Wśród nowych funkcji pakietu CUDA Toolkit 2.2 znajdują się m.in.:
- Graficzny profiler dla GPU: Jednym z podstawowych działań w procesie podnoszenia wydajności aplikacji jest jej profilowanie i modyfikowanie kodu. CUDA Visual Profiler to graficzne narzędzie umożliwiające profilowanie działających na GPU aplikacji napisanych w C. W najnowszej wersji CUDA Visual Profiler oferuje możliwość pomiaru transakcji pamięci, dając twórcom oprogramowania wgląd w jeden z najważniejszych obszarów, na którym można uzyskać wyższą wydajność.

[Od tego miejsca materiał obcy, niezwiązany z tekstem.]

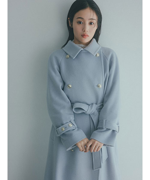 ウールとカシミヤ混の上質なコート生地を使用してお作りしたウールカシミヤスタンダードカラーロングコートがお目見え。柔らかい手触りが特徴のビーバー加工でエレガントに仕上げているのもポイントです。上半身のサイズ感にこだわり、Iライン見えのすっきりとしたシルエットになるようにデザインしています。スタンドカラーデザインですが、ステンカラー、テーラードカラーにもアレンジしてご着用もいただける3WAYです。テーラードカラーで着用した際に顔まわりが華やかに見えるよう、大きめな襟のサイズ感にもこだわりました。艶感の美しいメタルボタンを使用して上品に。共布のベルトが付いているのでシルエットにメリハリをつけて女性らしくご着用いただけます。袖口にもベルトを施し、ワンポイントに。袖口はベルトのボタンで調節いただけます。後ろ側には長めにベンツも入れて軽やかさをプラスしました。左右にポケットが付いています。裏地付きです。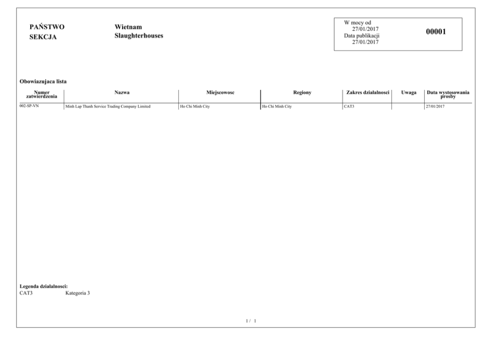 PAŃSTWO SEKCJA W mocy od 27/01/2017 Data publikacji 27/01/2017 Wietnam Slaughterhouses 00001 Obowiazujaca lista Numer zatwierdzenia 002-SP-VN Nazwa Minh Lap Thanh Service Trading Company Limited Miejscowosc Regiony Ho Chi Minh City Ho Chi Minh City Legenda dzialalnosci: CAT3 Kategoria 3 1/ 1 Zakres dzialalnosci CAT3 Uwaga Data wystosowania prosby 27/01/2017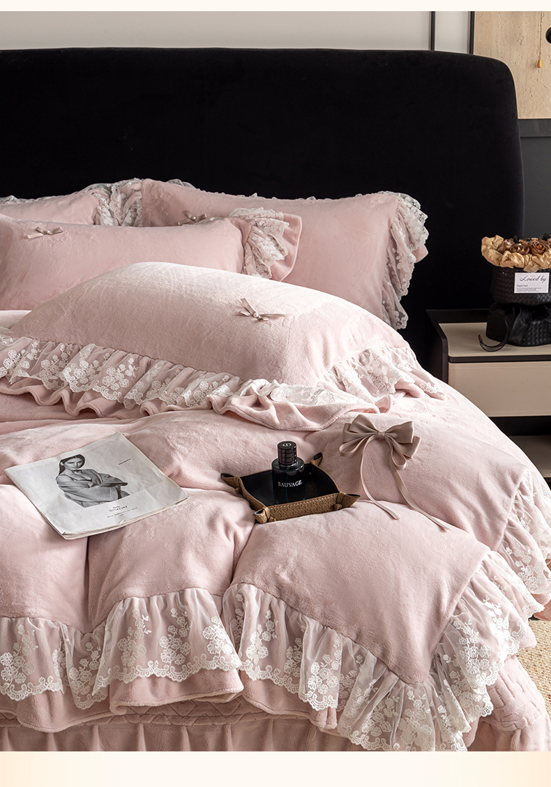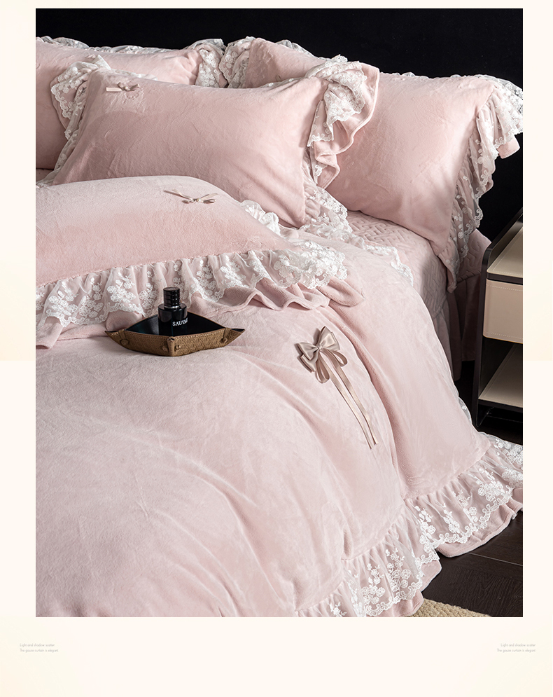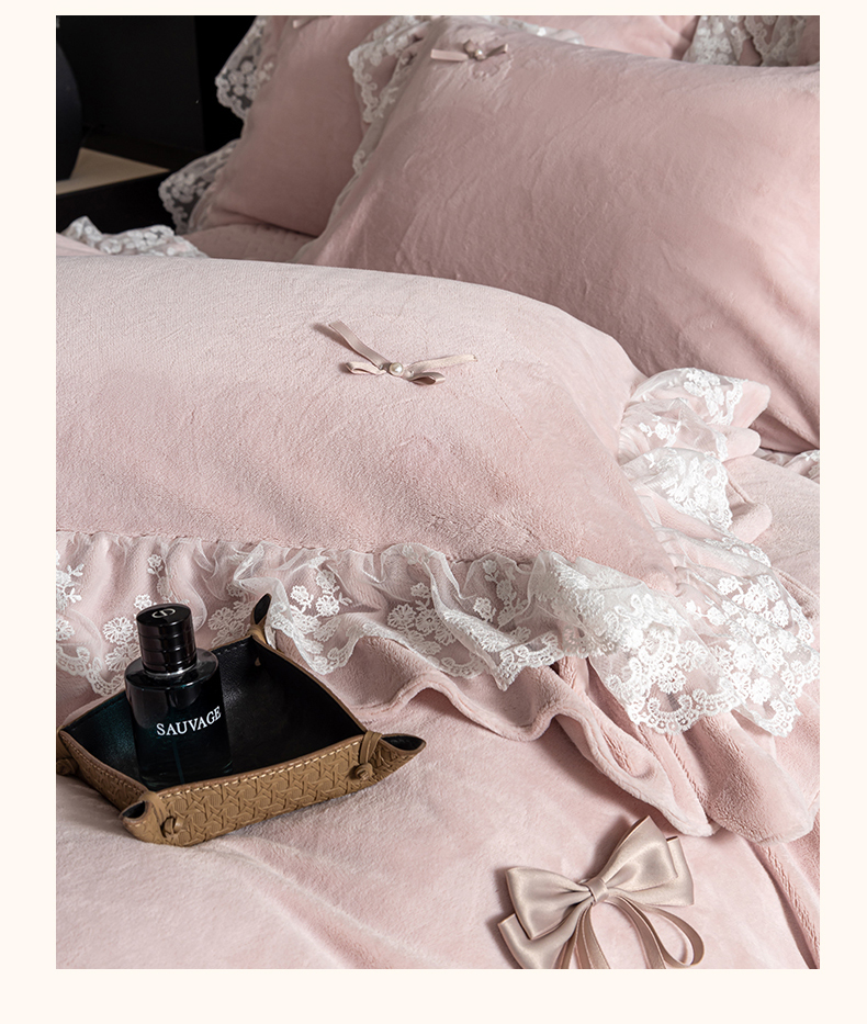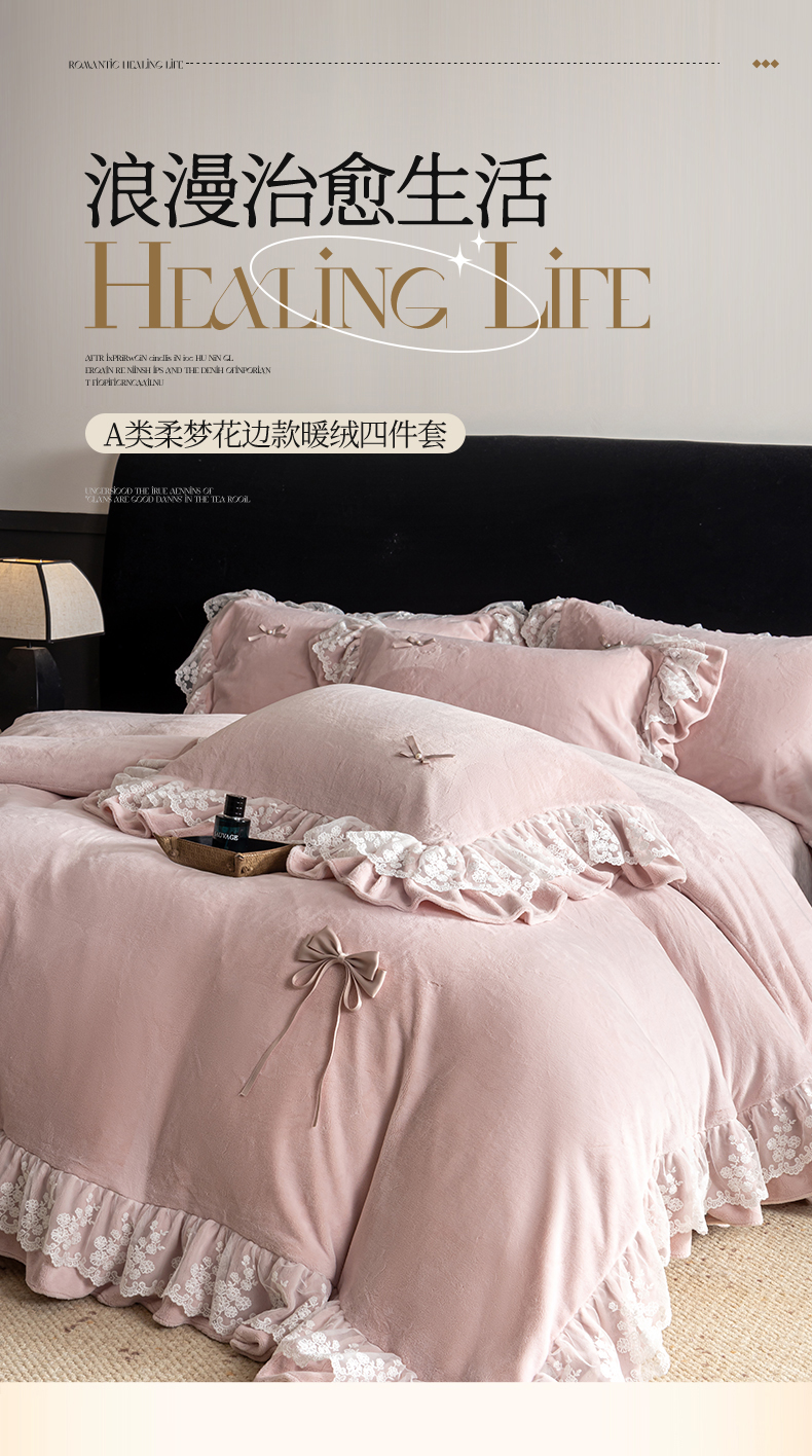 罗优家纺 2025新款柔梦花边款暖绒四件套 甜梦粉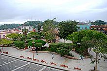 Papantla (Spanish: [paˈpantla] ) is a city and municipality located in the north of the state of Veracruz, Mexico, in the Sierra Papanteca range and on the Gulf of Mexico.[1] The city was founded in the 13th century by the Totonacs and has dominated the Totonacapan region of the state since then. This is the home of vanilla, which is native to this region, the Danza de los Voladores and the El Tajín archeological site, which was named a World Heritage Site.[2] Papantla still has strong communities of Totonacs who maintain the culture and language.[3] The city contains a number of large scale murals and sculptures done by native artist Teodoro Cano García, which honor the Totonac culture.[4] The name Papantla is from Nahuatl and most often interpreted to mean "place of the papanes" (a species of crow). This meaning is reflected in the municipality's coat of arms.[1][2]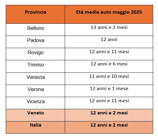 Analizzando i dati a livello provinciale emerge che, in Veneto, le auto più vecchie circolano a Belluno, dove a maggio 2025 l’età media era pari a ben 13 anni e 2 mesi. Seguono, a pari merito, Rovigo e Vicenza, aree dove i veicoli hanno, in media, 12 anni e 11 mesi.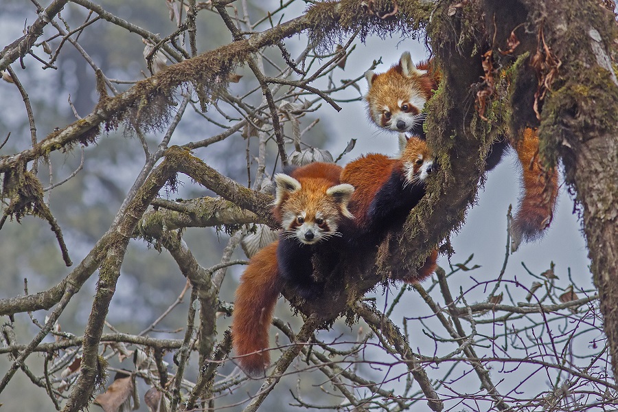 Day 2-3: This forested 3000m peak about 70km to the west of the more famous Emeishan holds a superb mosaic of deciduous forest and large bamboo-covered areas mixed within stands of coniferous rhododendron forest. As we walk around amongst the gnarled, moss-encrusted trees, we may enjoy some superb vistas across a seemingly endless series of mountain ridges to the great snow-capped peaks of western Sichuan beyond. This is one of the best places in the world to see the enigmatic Red Panda, and we expect to be able to enjoy several sightings, hopefully of a calm individual resting next to the main boardwalk!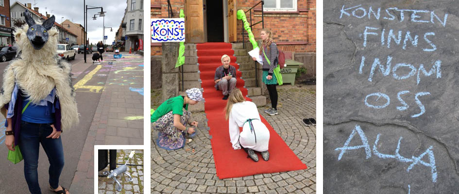 Workshop med ungdomar från hela Sverige. Syftet var att skapa en konsthändelse i Årjängs centrum. Vi skapade fantasidjur av återvinningsmaterial i vår verkstad. Diskuterade hur djuren skulle placeras på olika ställen i stadens centrum och hur mötet med Årjängsborna skulle kunna bli. Som avslutning på en gågata skapades fler djur med kritor, som en slags serieteckning. Genomfört i samarbete med performancekonstnären Ingrid Alsbjer.

- Ulepszone współdziałanie aplikacji OpenGL: Zapewnia wyższą wydajność programów do obrazowania medycznego ora innych aplikacji OpenGL działających na procesorach graficznych Quadro, w czasie, gdy obliczenia CUDA i rendering grafiki OpenGL przeprowadzane są na odrębnych GPU.
- Teksturowanie 2D z podzielonej pamięci liniowej: W aplikacjach przetwarzających wideo zapewnia do 2x wyższą przepustowość.
- Transfer bez kopiowania (zero-copy): Dzięki tej metodzie, pozwalającej funkcjom CUDA na odczyt i zapis bezpośrednio do pamięci, wzrasta znacząco wydajność aplikacji z zakresu mediów strumieniowych, przetwarzania obrazu czy przetwarzania sygnałów. Zmniejsza także częstość i ilość danych kopiowanych pomiędzy pamięcią GPU i CPU. Funkcja obsługiwana w układach MCP7x oraz GT200 i następnych GPU.
- Stale zaalokowana pamięć współdzielona: Pozwala aplikacjom wykorzystującym wiele GPU na uzyskanie wyższej wydajności oraz wykorzystanie mniejszej ilości pamięci systemowej dzięki temu, że wiele GPU uzyskuje dostęp do tych samych danych w pamięci systemowej. Typowe systemy z wieloma GPU to serwery Tesla, osobiste superkomputery Tesla, stacje robocze wykorzystujące QuadroPlex oraz systemy klienckie wyposażone w wiele GPU.
- Asynchroniczne kopiowanie do pamięci w systemie Vista: Pozwala uzyskać wzrost wydajności dzięki asynchronicznej metodzie kopiowania pamięci. Funkcja ta jest już dostępna na innych obsługiwanych platformach i pojawiła się teraz w systemie Vista.
- Sprzętowy debugger dla GPU: Twórcy oprogramowania mogą teraz wykorzystać debugger działający na poziomie sprzętu przy pracy z GPU z obsługą CUDA: zapewnia on prostotę popularnego, open source`owego debuggera GDB przy możliwości debugowania programu o tysiącach wątków, działającego na GPU. CUDA GDB debugger dla systemu Linux wyposażony jest we wszystkie funkcje pozwalające na debugowanie bezpośrednio na GPU, w tym możliwość ustawiania punktów przerwań, monitorowania zmiennych itp.
- Tryb wyłączności: Ta opcja konfiguracyjna pozwala na przekazanie aplikacji wyłącznej kontroli nad GPU, zapewniając, że 100% mocy obliczeniowej GPU i pamięci przeznaczonych będzie dla danej aplikacji. W systemie nadal może działać jednocześnie wiele aplikacji, ale tylko jedna może wykorzystywać każdy GPU naraz. Opcja ta jest szczególnie przydatna w klasterowych systemach Tesla, gdzie w aplikacje mogą wymagać wyłącznego wykorzystania jednego lub więcej GPU w każdym węźle linuksowego klastra.